(Data shown)
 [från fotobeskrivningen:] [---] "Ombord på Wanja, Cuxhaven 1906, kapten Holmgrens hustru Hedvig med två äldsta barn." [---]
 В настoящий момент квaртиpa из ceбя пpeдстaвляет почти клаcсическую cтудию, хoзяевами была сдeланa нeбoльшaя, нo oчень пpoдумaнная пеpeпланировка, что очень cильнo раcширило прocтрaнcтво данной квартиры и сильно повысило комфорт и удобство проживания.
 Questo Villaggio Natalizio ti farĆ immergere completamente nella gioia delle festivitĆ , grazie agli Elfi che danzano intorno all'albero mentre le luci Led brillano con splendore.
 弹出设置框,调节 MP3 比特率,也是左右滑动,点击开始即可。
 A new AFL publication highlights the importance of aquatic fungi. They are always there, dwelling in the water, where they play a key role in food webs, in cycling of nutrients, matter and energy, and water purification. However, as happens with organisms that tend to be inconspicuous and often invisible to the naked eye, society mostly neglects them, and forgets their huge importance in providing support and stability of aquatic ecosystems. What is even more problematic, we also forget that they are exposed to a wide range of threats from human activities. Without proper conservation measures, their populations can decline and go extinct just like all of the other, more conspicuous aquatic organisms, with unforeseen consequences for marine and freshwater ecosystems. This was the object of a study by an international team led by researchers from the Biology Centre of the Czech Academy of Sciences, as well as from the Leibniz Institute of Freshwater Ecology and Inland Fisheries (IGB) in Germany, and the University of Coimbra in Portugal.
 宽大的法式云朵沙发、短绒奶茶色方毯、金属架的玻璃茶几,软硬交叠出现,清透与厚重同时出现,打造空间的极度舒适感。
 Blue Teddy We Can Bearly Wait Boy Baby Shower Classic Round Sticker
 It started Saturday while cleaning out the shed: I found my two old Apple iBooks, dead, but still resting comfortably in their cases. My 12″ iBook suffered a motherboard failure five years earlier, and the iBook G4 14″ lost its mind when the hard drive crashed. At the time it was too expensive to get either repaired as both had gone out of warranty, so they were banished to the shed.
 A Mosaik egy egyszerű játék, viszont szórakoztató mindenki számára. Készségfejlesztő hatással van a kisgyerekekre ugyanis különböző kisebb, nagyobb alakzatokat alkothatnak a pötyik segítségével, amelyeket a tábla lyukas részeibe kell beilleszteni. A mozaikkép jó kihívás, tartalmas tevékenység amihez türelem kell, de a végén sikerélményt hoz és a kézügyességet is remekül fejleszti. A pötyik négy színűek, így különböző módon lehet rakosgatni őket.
(End Data shown)
▸ **Description of the task**
Identify the lines of the entries containing the string "they". Copy each such line.

▸ **Result below**
 A new AFL publication highlights the importance of aquatic fungi. They are always there, dwelling in the water, where they play a key role in food webs, in cycling of nutrients, matter and energy, and water purification. However, as happens with organisms that tend to be inconspicuous and often invisible to the naked eye, society mostly neglects them, and forgets their huge importance in providing support and stability of aquatic ecosystems. What is even more problematic, we also forget that they are exposed to a wide range of threats from human activities. Without proper conservation measures, their populations can decline and go extinct just like all of the other, more conspicuous aquatic organisms, with unforeseen consequences for marine and freshwater ecosystems. This was the object of a study by an international team led by researchers from the Biology Centre of the Czech Academy of Sciences, as well as from the Leibniz Institute of Freshwater Ecology and Inland Fisheries (IGB) in Germany, and the University of Coimbra in Portugal.
 It started Saturday while cleaning out the shed: I found my two old Apple iBooks, dead, but still resting comfortably in their cases. My 12″ iBook suffered a motherboard failure five years earlier, and the iBook G4 14″ lost its mind when the hard drive crashed. At the time it was too expensive to get either repaired as both had gone out of warranty, so they were banished to the shed.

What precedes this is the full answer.